IIRC Tarantino wanted James Woods for the role, but his agent never even mentioned it to him. Woods only found out about it much later from QT himself. I think he'd have been really good (he is of course a massive dickhead) and the dynamic with Harvey Keitel would have been interesting.

Mr Banlon

Quote from: Lisa Jesusandmarychain on September 09, 2019, 02:34:28 PM
I got the comedy reference here, I trust all you other CABbers got it, too.
Absolutely (sort of)

Shit Good Nose

Quote from: Fishfinger on September 09, 2019, 08:32:35 PM
IIRC Tarantino wanted James Woods for the role, but his agent never even mentioned it to him. Woods only found out about it much later from QT himself. I think he'd have been really good (he is of course a massive dickhead) and the dynamic with Harvey Keitel would have been interesting.

He famously fired his agent when he found out about it something like two or three years after the event. 

Roth was in the same open casting sessions as Buscemi and Madsen.  I'm pretty sure Tarantino said he thought Roth was an American amateur and didn't realise he was a seasoned and well established British actor.

bgmnts

I like Tim Roth and think he's actually a rather decent actor.

Claude the Racecar Driving Rockstar Super Sleuth

Quote from: Shit Good Nose on September 09, 2019, 07:20:34 PM
I'll also shoehorn in here my other QT gripe about his script doctoring of the otherwise excellent Crimson Tide, where his "contributions" are woefully out of place and stick out like a cartoon throbbing thumb.  Abysmal work.
For once, I am in complete agreement with you.

marquis_de_sad

The problem with saying Reservoir Dogs is just a rip off of City on Fire and Kansas City Confidential is that Reservoir Dogs doesn't feel anything like those films.

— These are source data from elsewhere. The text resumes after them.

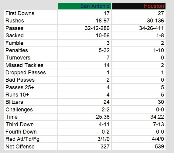 San Antonio Gunslingers 7, Houston Gamblers 66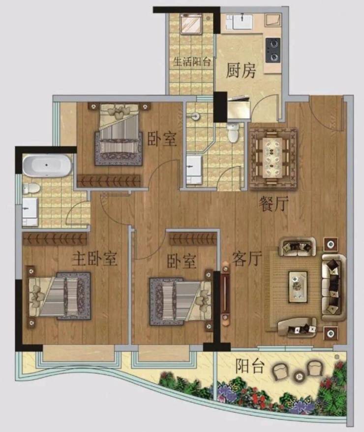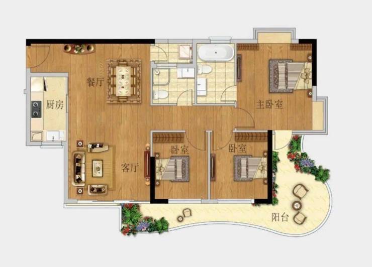 🅣🅞🅟02户型【95㎡3房2卫】东南向望江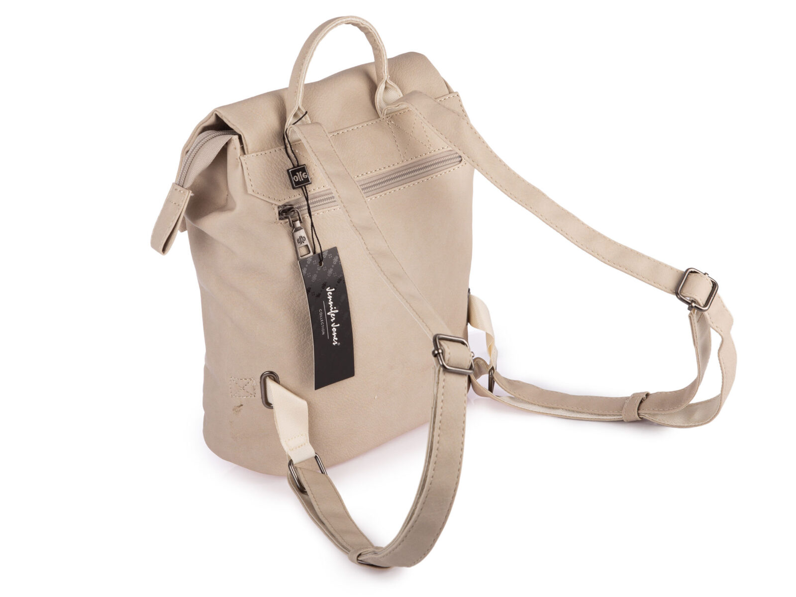 Beżowy mały plecak damski miejski z miękkiej skóry ekologicznej z klapką

Note the clear influence, yes, but it's about how you handle the material, not whether it's original or not.

BeardFaceMan

But there's a bit of a difference between being influenced by a film, and stealing scenes and dialogue from a film. What Tarantino does goes a bit beyond being influenced by a film, he just likes to take cool moments from what he thinks are obscure films that no one has seen and put them in his films.

Shit Good Nose

Quote from: marquis_de_sad on September 09, 2019, 11:52:36 PM
The problem with saying Reservoir Dogs is just a rip off of City on Fire and Kansas City Confidential is that Reservoir Dogs doesn't feel anything like those films. Note the clear influence, yes, but it's about how you handle the material, not whether it's original or not.

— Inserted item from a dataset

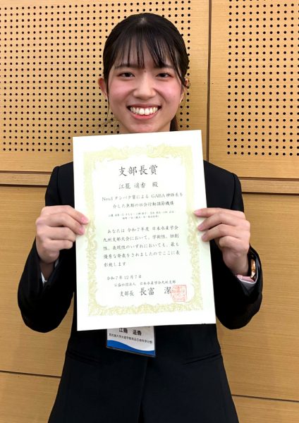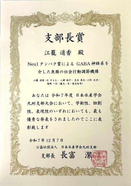 食品生命科学分野4年生(塩崎研究室所属)の江籠遥香さんが、12月6日に長崎大学で開催された日本水産学会九州支部大会において、九州支部長賞を受賞しました。本賞は、発表者の中から最も優秀な発表を行った1名のみに授与されるもので、学部生による受賞は稀であり、高い評価を得た成果となりました。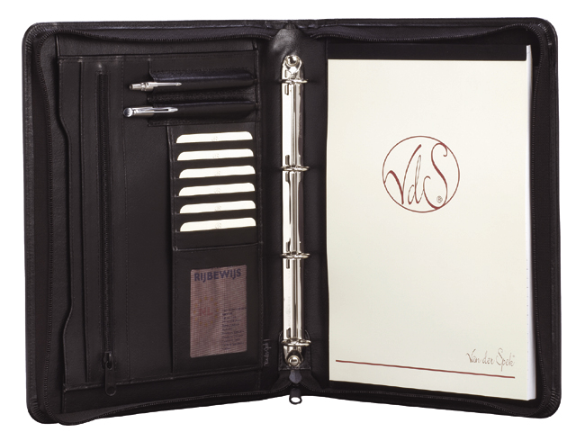 van der Spek schrijfmap economy, a4, 2041-635, generfd, ring/rits, leer, zwart

It feels like those films when he lifts plot, verbatim dialogue and does scenes shot-for-shot and beat-for-beat.  That's not influence, that's blatant ripping off.


Lisa Jesusandmarychain

Quote from: Mr Banlon on September 09, 2019, 08:40:16 PM
Absolutely (sort of)

Yer Man Shit Good Nose should definitely have gotten it, given his avatar.

easytarget


Old Nehamkin

Quote from: Shit Good Nose on September 10, 2019, 12:45:39 AM
It feels like those films when he lifts plot, verbatim dialogue and does scenes shot-for-shot and beat-for-beat. That's not influence, that's blatant ripping off.

Which scenes in Reservoir Dogs does this apply to?